Exercise goal -
Without the pictures, write the listing out again exactly as it appears.

++++++

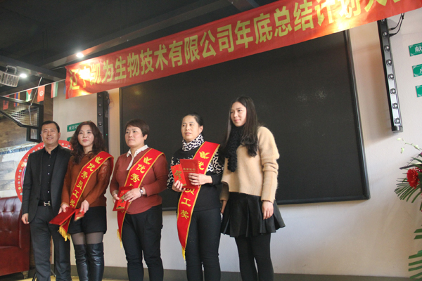 隨后,大會(huì)進(jìn)行了“生產(chǎn)部優(yōu)秀員工”,“六年貢獻(xiàn)獎(jiǎng)”,“十年貢獻(xiàn)獎(jiǎng)”的表彰活動(dòng)??偨?jīng)理王鐵良、銷售部總經(jīng)理趙福寬、集團(tuán)事業(yè)部經(jīng)理景立坤、生產(chǎn)部經(jīng)理肖營營,分別為獲獎(jiǎng)員工頒發(fā)了榮譽(yù)證書、獎(jiǎng)金或獎(jiǎng)品,鼓勵(lì)他們在新的一年里繼續(xù)努力工作,再創(chuàng)佳績。
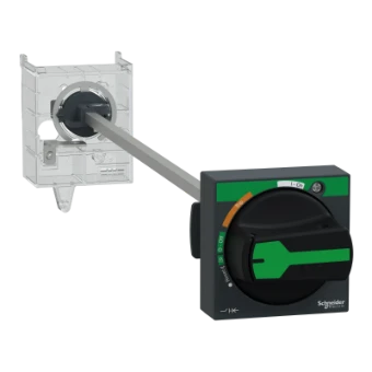 TeSys GV - Verlengde draaibediening voor vermogensschakelaars GV3L, GV3P in een behuizing en extern bediend. Voor het gebruik van de hoofdschakelaar heeft deze een zwarte hendel op een grijze voorplaat met aanduiding van 3 standen OFF, ON, TRIP. Om op de deur van de behuizing te worden gemonteerd, zorgt het handwerkmechanisme voor een IP54-bescherming tegen de montage. Het omvat ook een montageadapter die aan de voorkant van de vermogensschakelaar moet worden geschroefd en een verlengas die in lengte moet worden aangepast (de afstand tussen de deur en de achterkant van de vermogensschakelaar moet tussen 189 en 300 mm liggen). Vergrendelbaar in UIT- of AAN-stand met max. 3 hangsloten (afzonderlijk te bestellen). Vergrendeling in de AAN-stand betekent niet dat de stroomonderbreker niet kan uitschakelen (ontgrendeling is vereist voor het resetten van fouten). Green Premium-conform (RoHS/REACh).
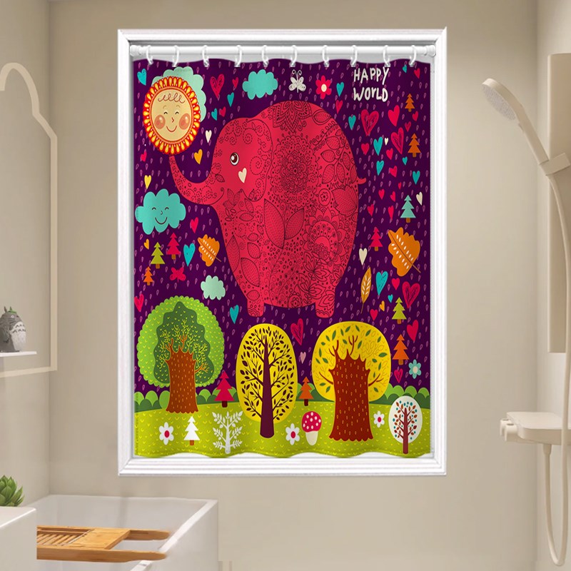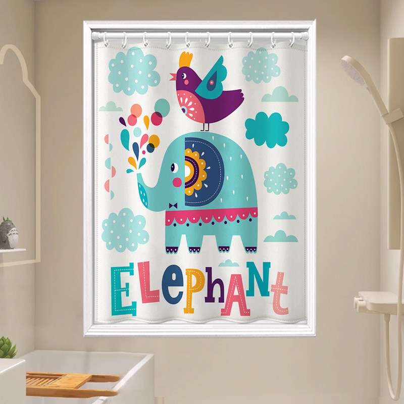 窗帘遮光2024新款免打孔安装卫生间遮挡帘浴室防水卡通遮阳厨房短
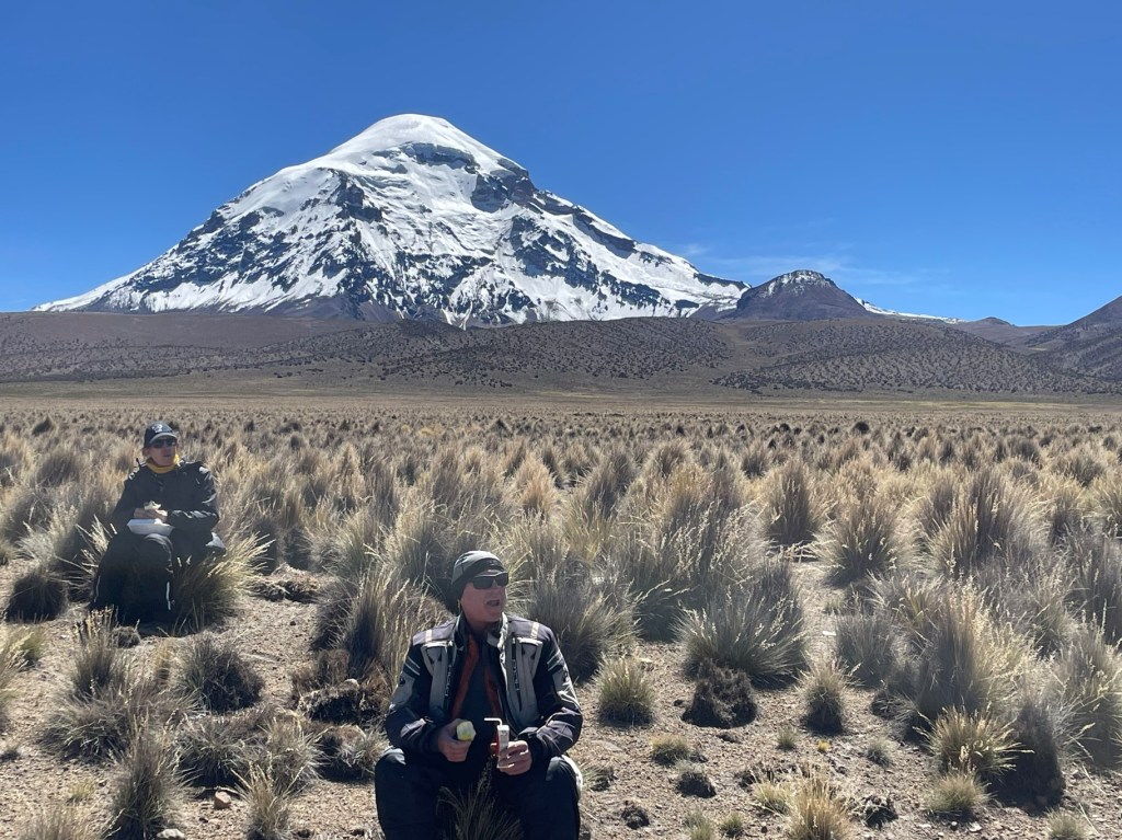 Day 61 we were up really early, and back into the bus for the steep climb back up to the bikes. Anna-Maria’s driveway renovations had progressed, with the architect choosing fashionable baby-head sized boulders for the top-coat, which were nervously looked at during a non-servo re-fuel and re-pack. Heading out, there was only one minor drop so only damage to pride, then the ride back south-east to Patacamaya where we’d take a 90° turn south-west to the Chilean border. Unfortunately missing a photo of the Taxi Aroma shop, presumably selling modern taxi scents such as Eau de BO and Old Vindaloo Spice, we re-fuelled for the last time, ironically very easily. Off toward the border, the scenery became frankly spectacular, especially when the high Andean volcanos appeared. A stop for lunch just before the border truly was a highlight lunch for the entire trip – especially with grass clumps that were incredibly comfortable just to lie down in.
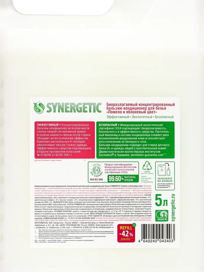 Кондиционер-бальзам для белья Synergetic «Помело и яблоневый цвет», 5 л

++++++

Solution to this problem -
 隨后,大會(huì)進(jìn)行了“生產(chǎn)部優(yōu)秀員工”,“六年貢獻(xiàn)獎(jiǎng)”,“十年貢獻(xiàn)獎(jiǎng)”的表彰活動(dòng)??偨?jīng)理王鐵良、銷售部總經(jīng)理趙福寬、集團(tuán)事業(yè)部經(jīng)理景立坤、生產(chǎn)部經(jīng)理肖營營,分別為獲獎(jiǎng)員工頒發(fā)了榮譽(yù)證書、獎(jiǎng)金或獎(jiǎng)品,鼓勵(lì)他們在新的一年里繼續(xù)努力工作,再創(chuàng)佳績。
 TeSys GV - Verlengde draaibediening voor vermogensschakelaars GV3L, GV3P in een behuizing en extern bediend. Voor het gebruik van de hoofdschakelaar heeft deze een zwarte hendel op een grijze voorplaat met aanduiding van 3 standen OFF, ON, TRIP. Om op de deur van de behuizing te worden gemonteerd, zorgt het handwerkmechanisme voor een IP54-bescherming tegen de montage. Het omvat ook een montageadapter die aan de voorkant van de vermogensschakelaar moet worden geschroefd en een verlengas die in lengte moet worden aangepast (de afstand tussen de deur en de achterkant van de vermogensschakelaar moet tussen 189 en 300 mm liggen). Vergrendelbaar in UIT- of AAN-stand met max. 3 hangsloten (afzonderlijk te bestellen). Vergrendeling in de AAN-stand betekent niet dat de stroomonderbreker niet kan uitschakelen (ontgrendeling is vereist voor het resetten van fouten). Green Premium-conform (RoHS/REACh).
 窗帘遮光2024新款免打孔安装卫生间遮挡帘浴室防水卡通遮阳厨房短
 Day 61 we were up really early, and back into the bus for the steep climb back up to the bikes. Anna-Maria’s driveway renovations had progressed, with the architect choosing fashionable baby-head sized boulders for the top-coat, which were nervously looked at during a non-servo re-fuel and re-pack. Heading out, there was only one minor drop so only damage to pride, then the ride back south-east to Patacamaya where we’d take a 90° turn south-west to the Chilean border. Unfortunately missing a photo of the Taxi Aroma shop, presumably selling modern taxi scents such as Eau de BO and Old Vindaloo Spice, we re-fuelled for the last time, ironically very easily. Off toward the border, the scenery became frankly spectacular, especially when the high Andean volcanos appeared. A stop for lunch just before the border truly was a highlight lunch for the entire trip – especially with grass clumps that were incredibly comfortable just to lie down in.
 Кондиционер-бальзам для белья Synergetic «Помело и яблоневый цвет», 5 л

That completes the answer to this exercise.